Mr. Station was at the appointed time and place. Patiently waiting for me in a hammock that he had attached from his rear Tuk-tuk roof support the the opposite front support. This country is the hammock capital of the world. Almost anywhere you find people you'll find a hammock. Strung near the rear of small shops where the shopkeeper lazes until a customer walks up. As soon as the transaction is concluded, back to the hammock. I've seen lines of pavilions in the main square on nothing but platforms, roofs and hammocks. Generally filled by men, but women seem to get their 'lax'in time as well.
We then proceeded to 6 more temples. Each less picturesque than the last. Probably more from there being more and more people to get in my photographs and the sun rising higher and hotter to raise my discomfort and reduce the definition of the temples. I started to recognize the same Tuk-tuk' ers at the following temples.
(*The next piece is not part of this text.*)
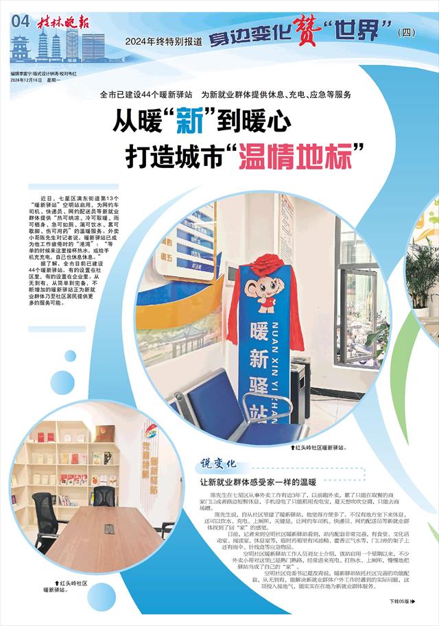 近日,七星区漓东街道第13个“暖新驿站”空明站启用,为网约车司机、快递员、网约配送员等新就业群体提供“热可纳凉、冷可取暖、雨可栖身、急可如厕、渴可饮水、累可歇脚、伤可用药”的温暖服务。外卖小哥陈先生对记者说,暖新驿站已成为他工作疲倦时的“港湾”:“等单的时候来这里接杯热水,或给手机充充电,自己也休息休息。”
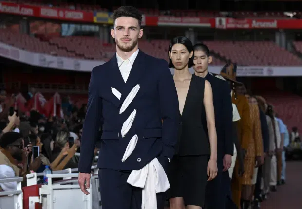 Meanwhile, Rice made his runway debut following a controversial suspension from the recent North London Derby, seizing the moment to embrace the fashion spotlight.

Some smiled back knowing we were on the same route and some oblivious to those and probably that around them.
By the time we got to temple number seven it was devoid of trees and shade and engulfed not by picturesque nature but tourists. We stopped in front of one shadeless typical Ankor'ian temple. It looked to me to be nothing except heat and the same thing I had already seen 5 times today. I opted out on this one. A combination of getting a little spacey from the heat and not having breakfast were the obvious culprets. "Back to the hotel, James" The guide books all suggest going out in the noon to four time period to avoid the crowds. There is a very good reason there are no tourists out the. It's bloody hot then !
Ry, the tour guide from the Pandaw said he was going to be in Siem Reap these few days I'd be back. I asked Mr. Station to stop by the Hotel Victoria on the way back. This is where I met the group for the cruise ship when I first arrived in town. The desk clerk didn't know who I was talking about, but the bell Captain new exactly who I meant. He told the deskman where to look in the directory and made the call. I'm not sure if I woke him of not but the conversation was certainly sluggish. Then he said "T*****a !! I remember you !" How could he EVER forget me, I asked myself. I had hoped he might be free to do a day or two of guiding me around, but he was already booked by some big wigs from the Pandaw company. Great idea that just didn't work out.
So back at my abode with a belly full of soup and a few fries. Think it's time to go see about a siesta to make up for last night's flying visitor.